Parsing it into a tree may be necessary if you want to do more complex comparisons (such as sorting child objects etc.), but even then depending on your need you may well be better off storing offsets into the file depending on your requirements.

https://github.com/lloyd/yajl is an example of a streaming JSON parser (caveat: I've not benchmarked it at all), but JSON is simple enough to write one specifically to handle two streams.


I believe this comparison benchmark could be useful for you and you can expand further with more tests. Although I got downvoted for sharing a link.

https://github.com/kostya/benchmarks/blob/master/README.md


That still parses into a tree.

nodejs comes to mind!

(1) Try a language with fast allocations (C, C++, Rust, maybe Go or Java) -- anything except Python or Ruby

or

(2) Try using streaming API (I don't know Ruby, but quick google found https://github.com/dgraham/json-stream ). Note that this method will require you to massively restructure your program -- you want to avoid having all of the data in memory at once.

The streaming API might work better with jq-based preprocessing -- for example, if you want to compare two unsorted sets, it may be faster to sort them using jq, then compare line-by-line using streaming API.


Python is fast at parsing JSON, Go had hard time to match parsing speed of it. Additionally you have PyPy to help.


Python is fast at doing anything that doesn't involve running Python.

That's an important caveat. Python's C JSON parser library is super-fast, but if you want to use the data for anything but a simple equality check afterwards, it'll be slow as molasses.

Or you'll write a C extension for it...


Rust is absolutely wonderful for tasks like this. They don't hit any of the cases where Rust's ownership can make things tricky. And the serde library makes deserializing JSON a piece of cake.

You end up with code which looks pretty similar to the equivalent JavaScript or Python code, but performs much faster (10x, 100x or even 1000x faster).


There's also pikkr (https://github.com/pikkr/pikkr) if you need really really fast JSON parsing.

> It's worth mentioning that there are much faster JSON parsing libraries than the default in Ruby stdlib.

I am on the edge of my seat now.

Would you mind listing which libraries are much (say, an order of magnitude) faster?


Don't think it's an order of magnitude faster, but oj is supposed to be the standard for Ruby.

https://github.com/ohler55/oj


I'm curious how well could Crystal language handles that huge amount of JSON since most of the Ruby code could be ported over to Crystal.

It has a JSON pull parser to minimize memory usage which is useful for memory constraint environment but at the expense of less performant. If that could be split up with fork Crystal processes, I believe it's feasible.


There are stream parsers for JSON for Ruby too, including bindings for C libraries like YAJL - using the default JSON parser is an awful choice for doing comparisons like that given the massive overhead of the amount of objects it'll be creating for no good reason.

Agree, I believe the benchmark shown Yaji and jq in this repo is useful for you

https://github.com/kostya/benchmarks/blob/master/README.md


I wonder if a C/C++ programm would perform better?

jq is a C program.

In theory a truly specific program could work better.

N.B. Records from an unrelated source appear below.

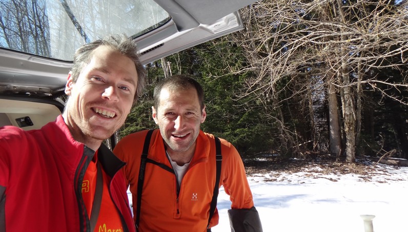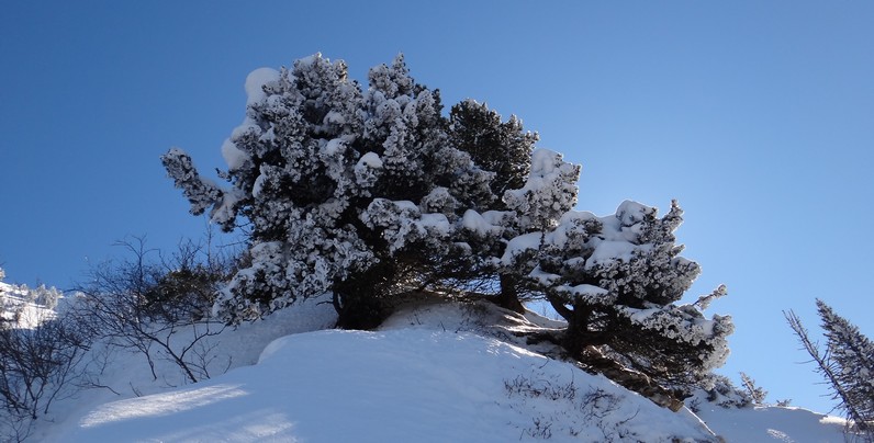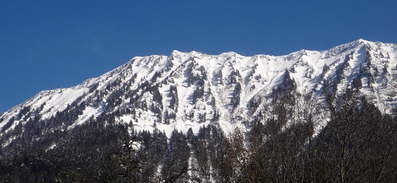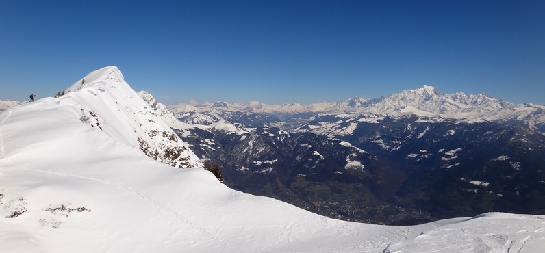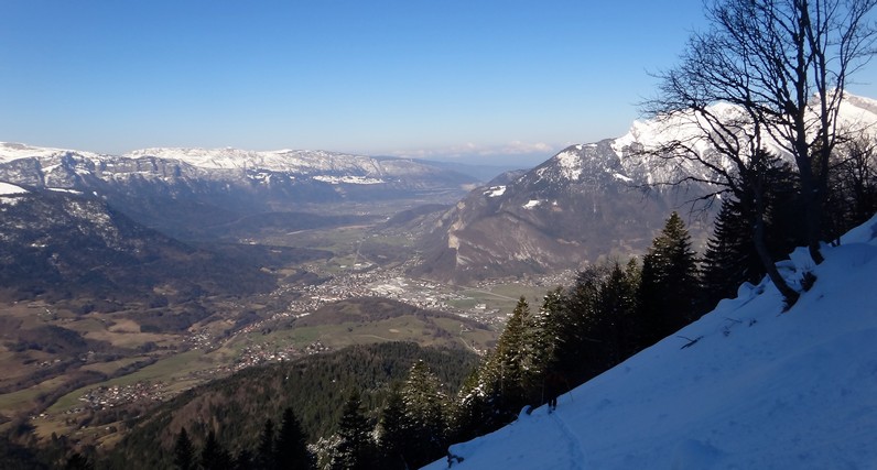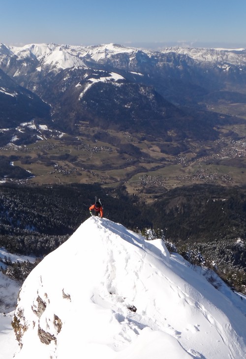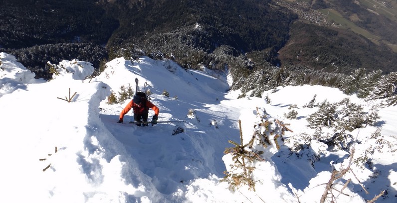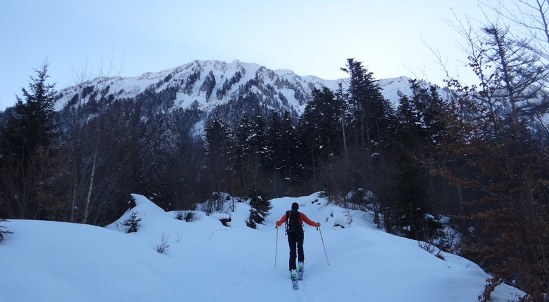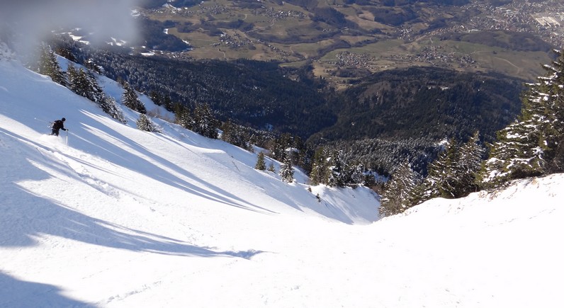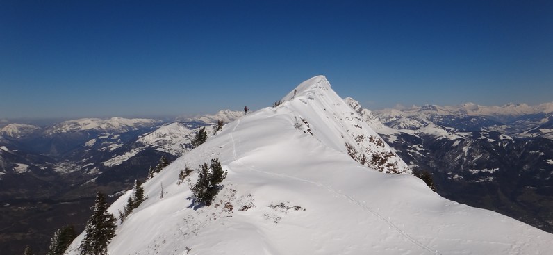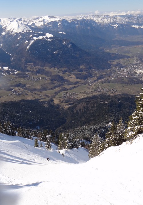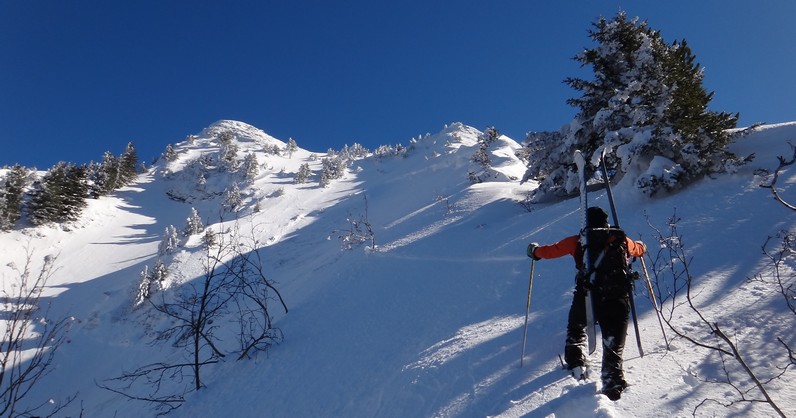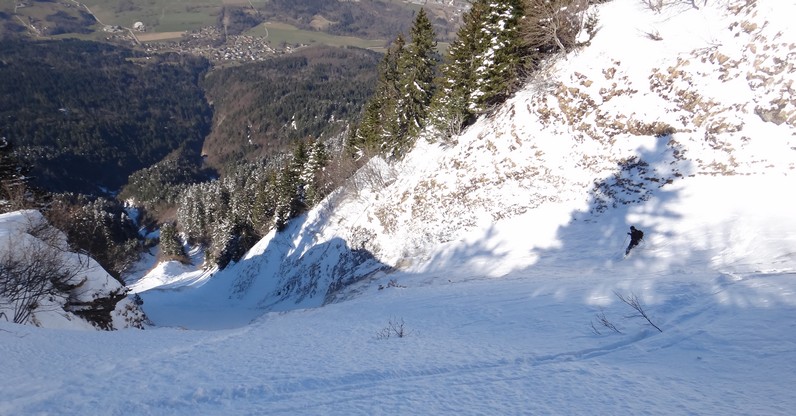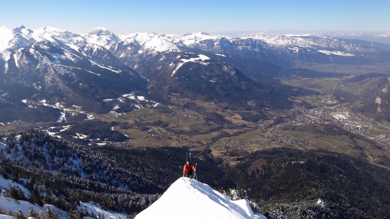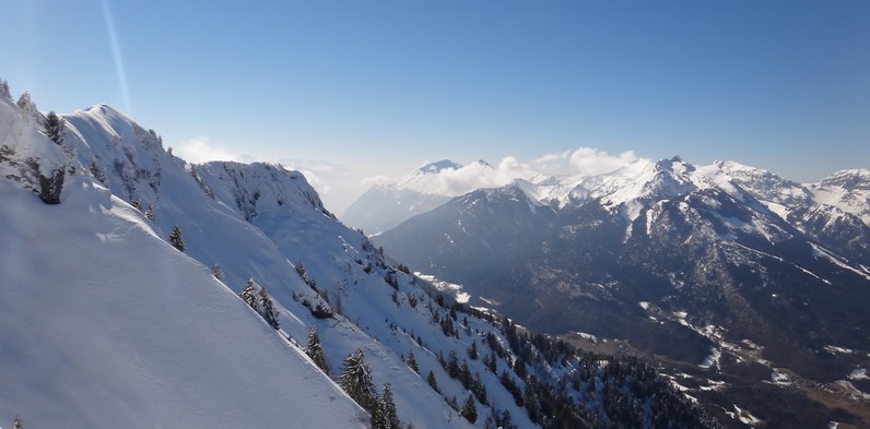 On voulait skier un peu raide dans les Bauges... Manque de chance deux skieurs nous grillent la priorité au Pecloz par la Grande Faille... Pas envie de suivre des traces, on opte alors pour cette Dent de Cons et son versant Nord...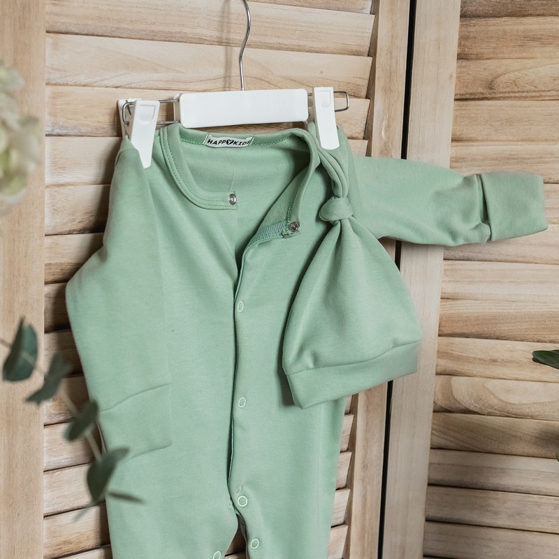 Комплект для новорожденного с шапочкой оливковковый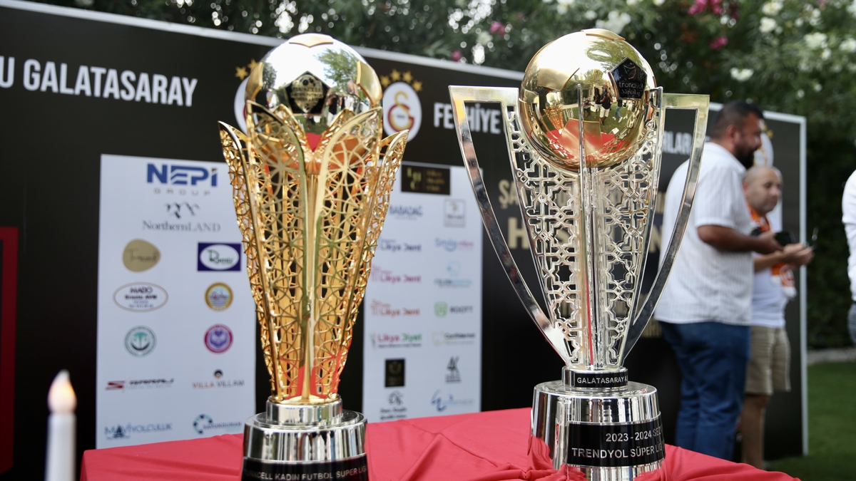 Programda 2023-2024 Trendyol Süper Lig ile Kadın Futbol Süper Ligi şampiyonluk kupaları sergilendi. Geceye katılan davetliler kupalarla hatıra fotoğrafı çektirdi.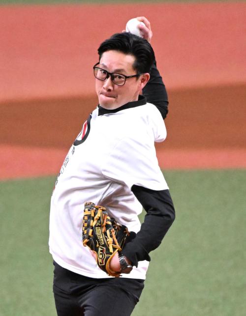 オリックス岸田護監督(44)が始球式を務めた。現役時代をほうふつとさせるしなやかな腕の振りから外角高めに力強く投じた。「ちゃんとアップしてきたので汗だくです。ボール球でした、残念。練習しときます」と唇をかんだ。19年に現役引退後、6年ぶりとなる京セラドーム大阪での登板。「緊張しましたね。ブルペンも緊張しましたけどね。マウンド立つと中継ぎの時を思い出すような」と振り返った。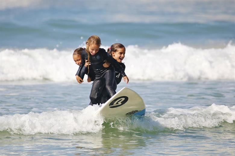 As meninas têm apenas 8 anos e começaram a praticar o esporte por incentivo do pai, que também é surfista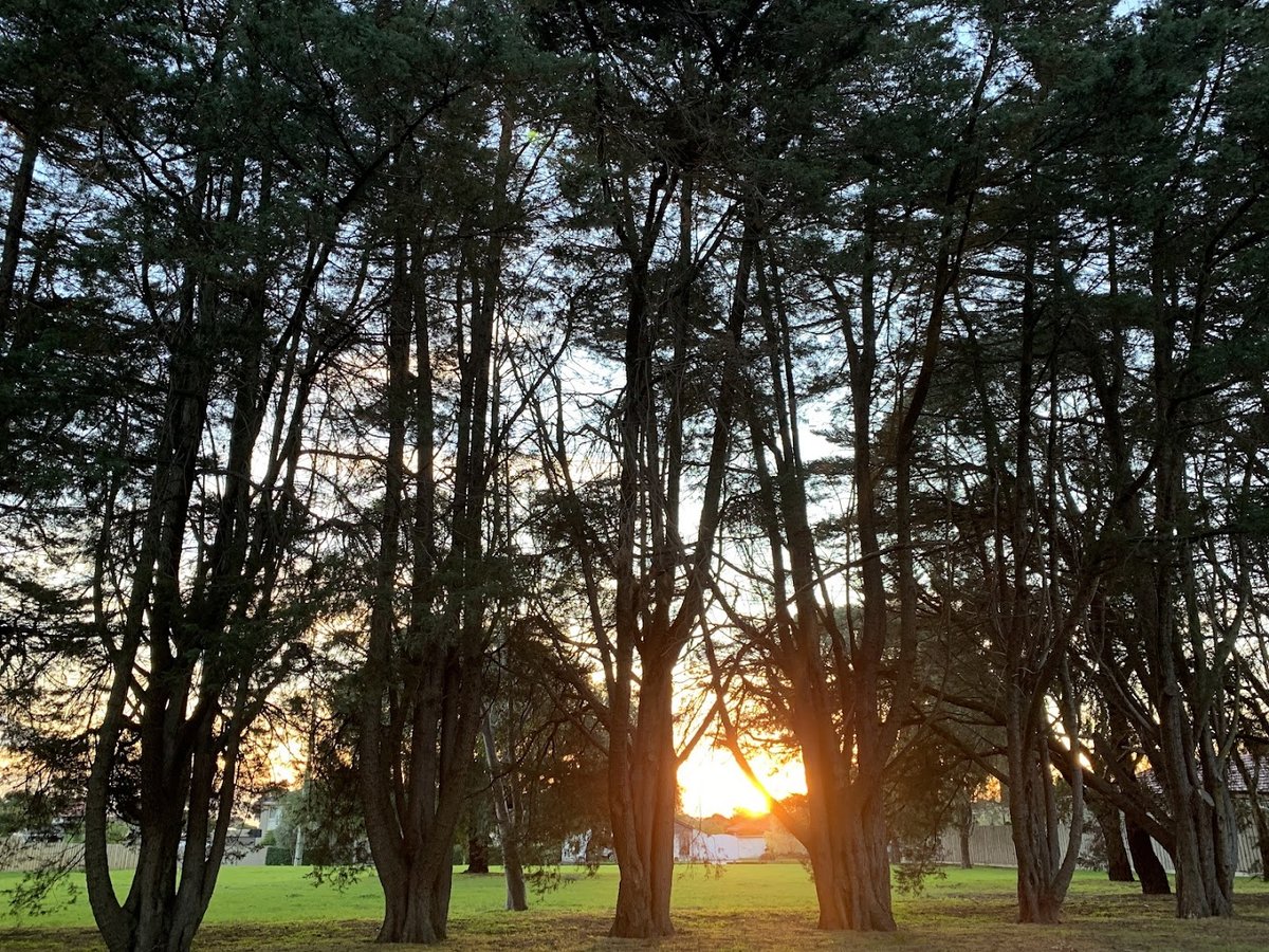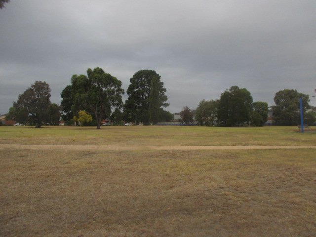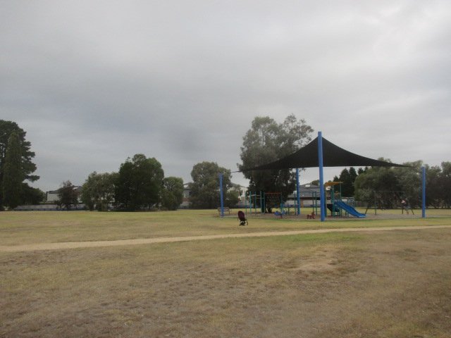 Columbia Park Dog Off Leash Area in Australia is a sprawling suburban reserve that offers a versatile environment for both dogs and their owners. The park is characterized by its vast, open grassy spaces, which provide ample room for dogs to run and play off-leash. The terrain is primarily flat with a mix of lush green lawns and drier, natural grass areas depending on the season. Mature trees line parts of the park, offering scenic views and natural shade, particularly striking during the golden hour. For community use, the park includes a well-equipped playground area featuring a large black shade sail for sun protection. A gravel walking path meanders through the reserve, making it accessible for strollers and casual walkers. Sports facilities, such as cricket nets and fenced sports fields, are also integrated into the space. While there is perimeter fencing along some boundaries, the area maintains an open, airy feel. Seating is available via benches located near the play equipment. The park's atmosphere is tranquil and family-friendly, serving as a central hub for local outdoor recreation and pet exercise.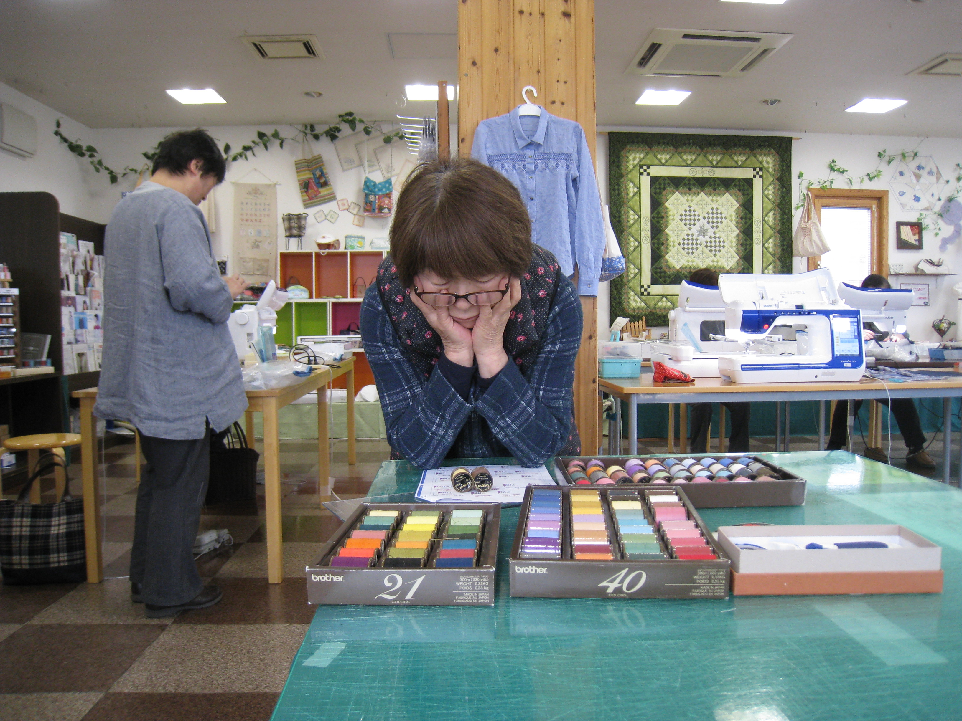 『地の色が黒っぽいから刺しゅうの色をこんな色にして、こっちの色は・・・』と独り言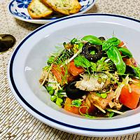 バルサミコ酢が食欲をそそる、オイルサーディン大好きな私にとってはメインディッシュ級のサラダです。ブラックオリーブが欠かせません。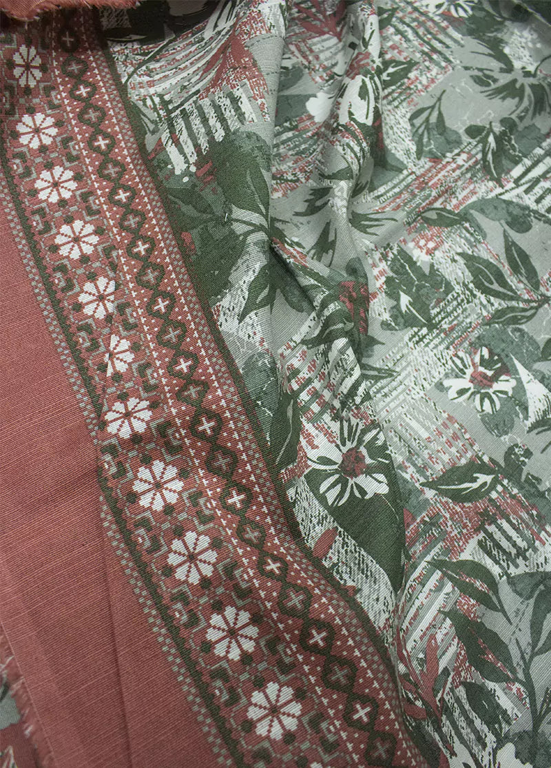 3 Piece Peonny Peach Color Khaddar Printed UnStitched Suit with Printed Dupatta & Printed Trouser.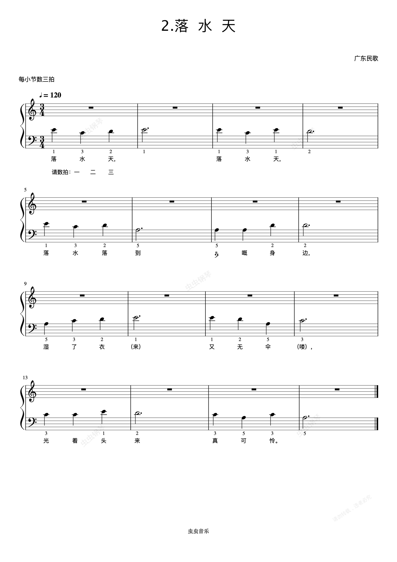 鋼琴譜:落水天《彈兒歌學鋼琴》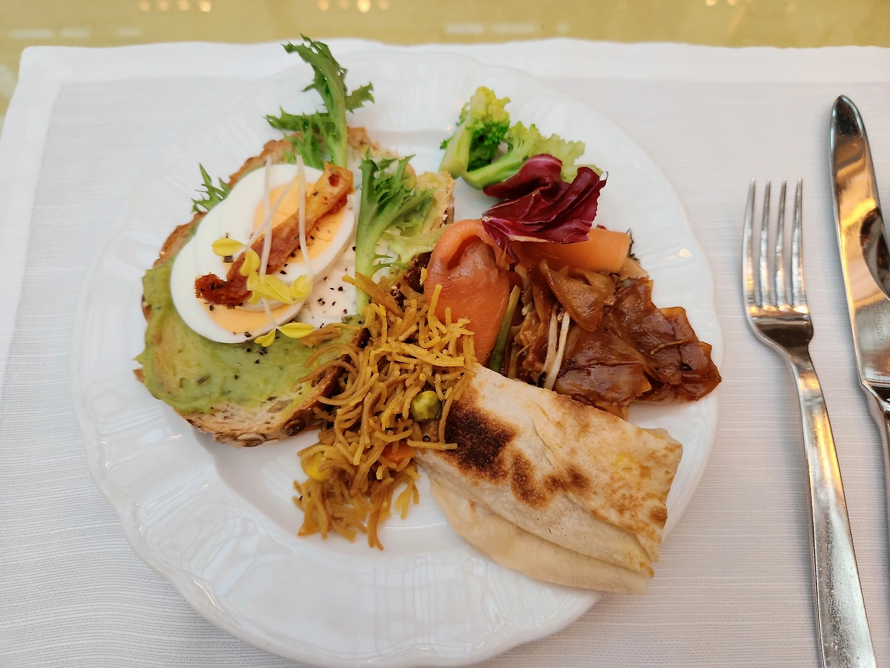 그 덕분에 나 역시 조금 편하게 아침메뉴를 골라본다. 음식의 종류가 다양했지만 소박한 나의 위장을 생각해서 최대한 간소하게 먹고 싶은 것 위주로 담았다.

In practise, the broad scope of jq allows you to discover the operations you need and respond to changes in requirements without being locked into custom code, and any given programmer probably couldn't do the same job better.


jq is a C program, yes, but jq programs are interpreted. Because jq is a dynamically-typed language, it wouldn't be easy to compile it to object code that would run too much faster than the byte-interpreted version (though it would still run faster).

As you say, jq's power is that it is an expressive language, and it's much much easier to write jq programs that work than it is to write C/C++ programs as needed that do the same or similar work.


The interpreted language is just the setup phase for a pipeline of compiled-in data transformations.

I don't understand this statement. Keep in mind I'm a jq maintainer.

Yes. If well-written anyways.

Another option is to use a tool like 'gron' to convert the JSON into a shell-friendly line-oriented format. This makes the rest straightforward.

https://github.com/tomnomnom/gron


jq can do something like that too! Check out its --stream option.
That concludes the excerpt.